_Problem details_
Pictures must not appear in the copy. Restate exactly the lines below from the one with "The New Jersey" through the one with "Antichthones 1, 2012", inclusive.
═══ Material provided ═══
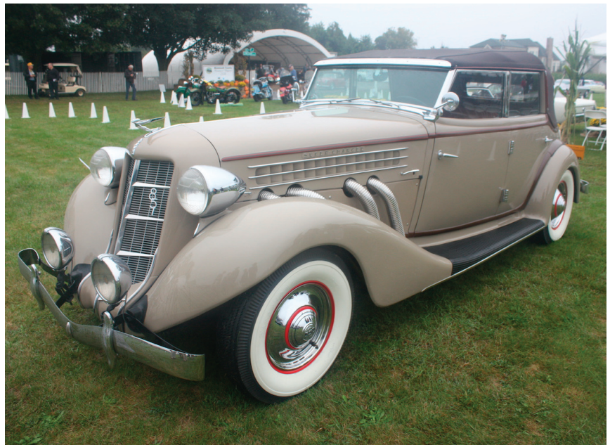
Auburn's supercharged straight-eight generated 150 horsepower.

The New Jersey Chapter of the Buick Club of America is rescheduling its annual show to July 16 on the grounds of the Wall Township Municipal Complex at 2700 Allaire Road in Wall, NJ. The show is open to all makes and models, not only Buicks, with eleven judged classes and peer judging for newer cars. Awards include the top three vehicles in each class plus a Best Buick award and Best in Show award. Vehicle admission is $20, and the show runs from 9:00 until 2:00. The original date of July 9 was postponed due to uncertain weather. Contact Kevin Keenan if you have any questions or want more information, on 908-461-8301 or email him via kkcarcrazy@aol.com .
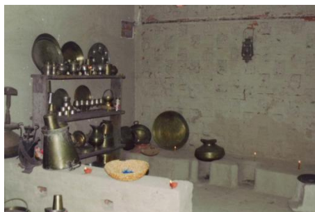
Scene of Heritage village at G.C.W.
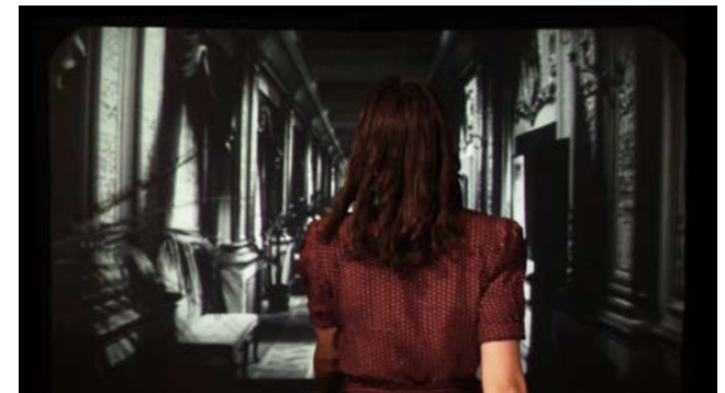
Antichthones 1, 2012

Museum of Modern and Contemporary Art, Mamco Geneva Maison Européenne de la Photographie, MEP Paris New National Museum of Monaco François Pinault Fondation Julius Baer, Switzerland La Maison Rouge, Paris La Fabrique, Marseille, France
═══
_Solution for this problem_
The New Jersey Chapter of the Buick Club of America is rescheduling its annual show to July 16 on the grounds of the Wall Township Municipal Complex at 2700 Allaire Road in Wall, NJ. The show is open to all makes and models, not only Buicks, with eleven judged classes and peer judging for newer cars. Awards include the top three vehicles in each class plus a Best Buick award and Best in Show award. Vehicle admission is $20, and the show runs from 9:00 until 2:00. The original date of July 9 was postponed due to uncertain weather. Contact Kevin Keenan if you have any questions or want more information, on 908-461-8301 or email him via kkcarcrazy@aol.com .
Scene of Heritage village at G.C.W.
Antichthones 1, 2012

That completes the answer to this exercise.